Une photo dans l’appartement d’Emmy, un homme plus jeune avec la même ossature, le même pli autour de la bouche.
— Que vous étiez de la même famille.
— C’est à sa mort que j’ai trouvé les papiers. Une lettre d’Alistair à la mère d’Alan.
Il prit un moment.
— Mon père a eu un autre fils, quelques années après ma naissance. Il ne l’a jamais reconnu.
Ses yeux restèrent sur la table.
— Alistair s’en est occupé.
Il passa lentement le pouce sur le bord de sa tasse.
— Alan savait. Il n’a jamais rien dit.
Je le regardai.
— Et vous.
Il releva à peine les yeux.
— J’ai compris trop tard. On se ressemblait.
— Vous ne lui avez jamais dit. À Emmy.
Ce n’était pas une question. Il le sut.
— Comment lui dire.
Il n’attendit pas de réponse.
Je finis mon café. Lui aussi.
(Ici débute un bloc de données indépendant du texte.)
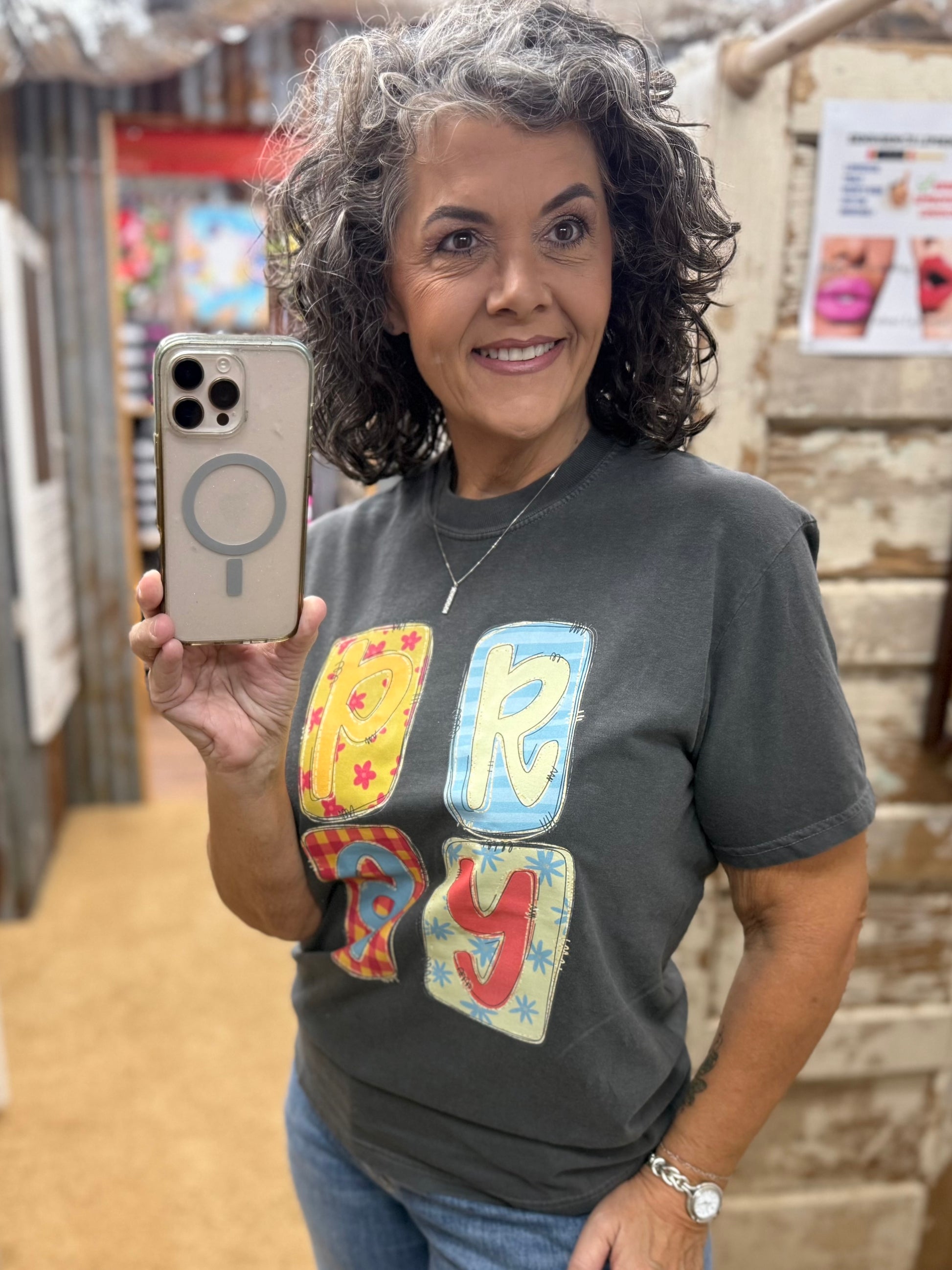 This Pepper Grey Power of Prayer Tee adds a little pep to your day with its soft, comfy feel and playful vibe. Perfect for spreading good energy and keeping things light, it’s the go-to shirt for casual days full of positive vibes.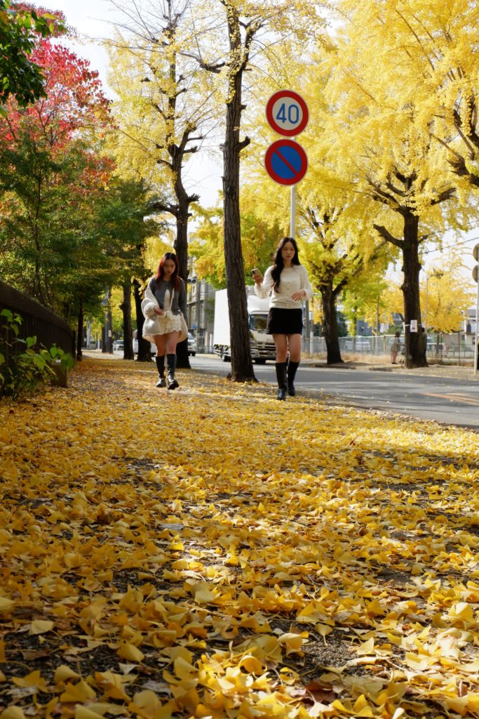 今は黄色と黄緑色のグラデーションが楽しめるが、歩道に落ちた葉が黄金のじゅうたんのように見え、カメラを向ける人の姿も。市産業振興課によると、見頃は今月末まで。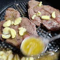 고기 위에 버터를 올려서 버터가 녹아서 배어들도록 만들어 줍니다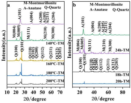 X-ray diffraction patterns of TiO2-montmorillonite (MMT) composites prepared using (a) different reaction temperatures with a dwelling time of 24 h, a pH of 6, and a TiO2 mass ratio of 30 wt%, and (b) different dwelling times at a reaction temperature of 160 °C, a pH of 6, and a TiO2 mass ratio of 30 wt%.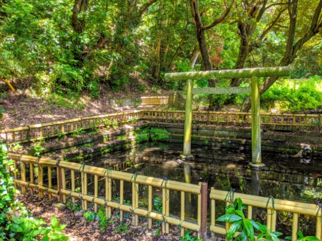 石段の手前、右側に広がる森の中には、隠れるように神池があります。境内や参道は参拝客でにぎわっていますが、ここを訪れる人はいません。とても静謐な世界が広がっていました。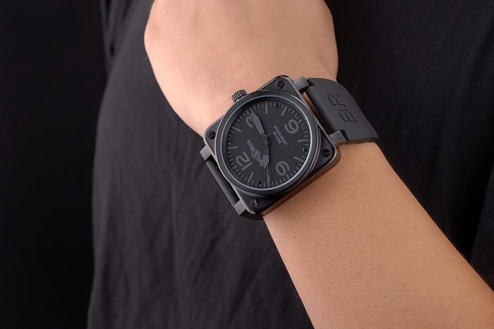 Retour: Ion-plaqué acier inoxydable vissé en arrière avec Bell&Ross inscriptions

Dehors, un groupe de touristes s’engageait vers l’entrée du château, parapluies ouverts, appareil photo au cou, indifférents aux murs de silex et à ce qu’ils avaient retenu depuis des siècles.
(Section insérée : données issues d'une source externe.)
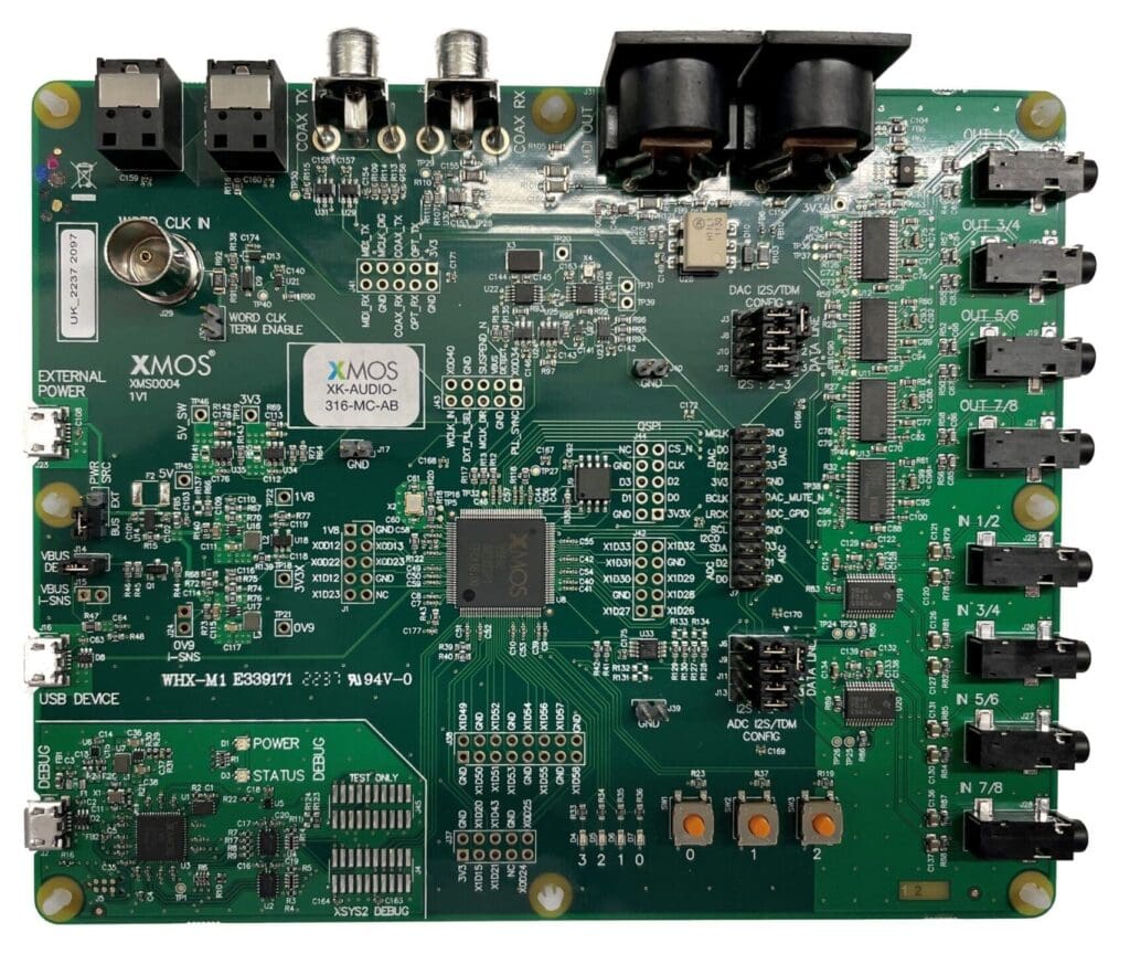 The xcore.ai evaluation kit allows testing in multiple application scenarios and provides a good general software development board for evaluating xcore.ai.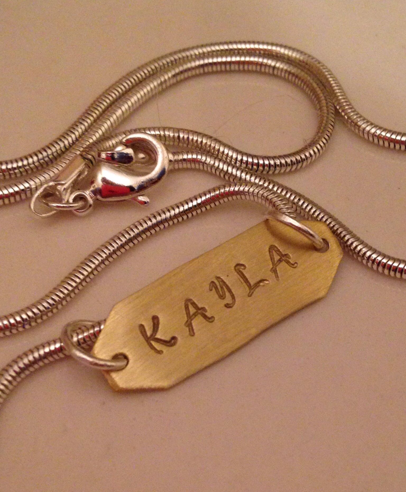 Elegant handcrafted name plate pendant, set on a sterling silver snake chain and personalized with a birthstone and your choice of any letter, monogrammed initials, names, words, Roman numerals, or other combination of text and characters...all customized just for you!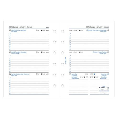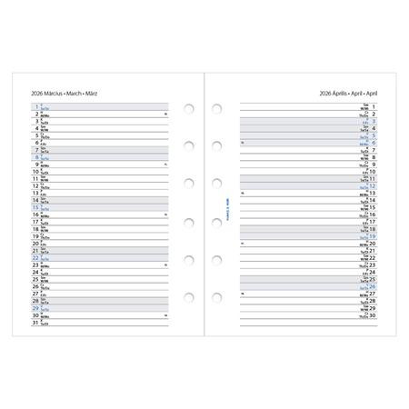Kalendárium betét, tervező, Filofaxhoz, pocket méret, heti, 1 hét/2 oldal, 2026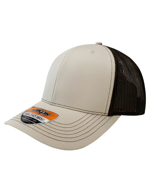 DKPS #545 GORRA MESH BEIGE, ALG 50% POL 50%, MALLA PREMIUM 6 GAJOS, AJUSTE PLASTICO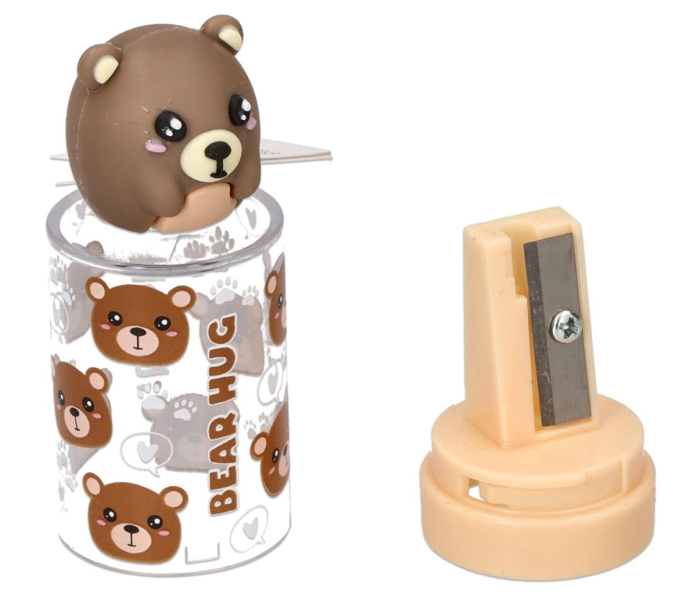 Maak van potloden slijpen een plezier. Deze puntenslijper met transparant opvangbakje vangt alle spaanders op, zodat je etui en werkplek schoon blijven. De schattige beertjes- en pandamotieven verrukken zowel kinderen als liefhebbers van speels design.

— La page arrachée du carnet, dis-je en me levant.
Il leva les yeux.
— Je sais.
— Vous savez qui l’a prise ?
Il hésita une seconde de trop.
— Non.
Je remis mon manteau. Il resta assis, les mains toujours à plat sur la table, les yeux sur sa tasse vide.
— Merci pour le café, monsieur Reed.
Je sortis sans me retourner. Derrière moi, j’entendis sa chaise racler légèrement le sol. Il ne se leva pas tout de suite. Un homme qui n’a nulle part où aller et qui reste assis encore un moment parce que c’est tout ce qu’il peut faire.
Je sortis dans la rue. Prudence Englehart venait en sens inverse, à trois mètres. Elle me vit. Quelque chose traversa son visage, trop bref pour être nommé. Elle continua sans ralentir.
La pluie avait forcé. Je rentrai à pied, le col relevé.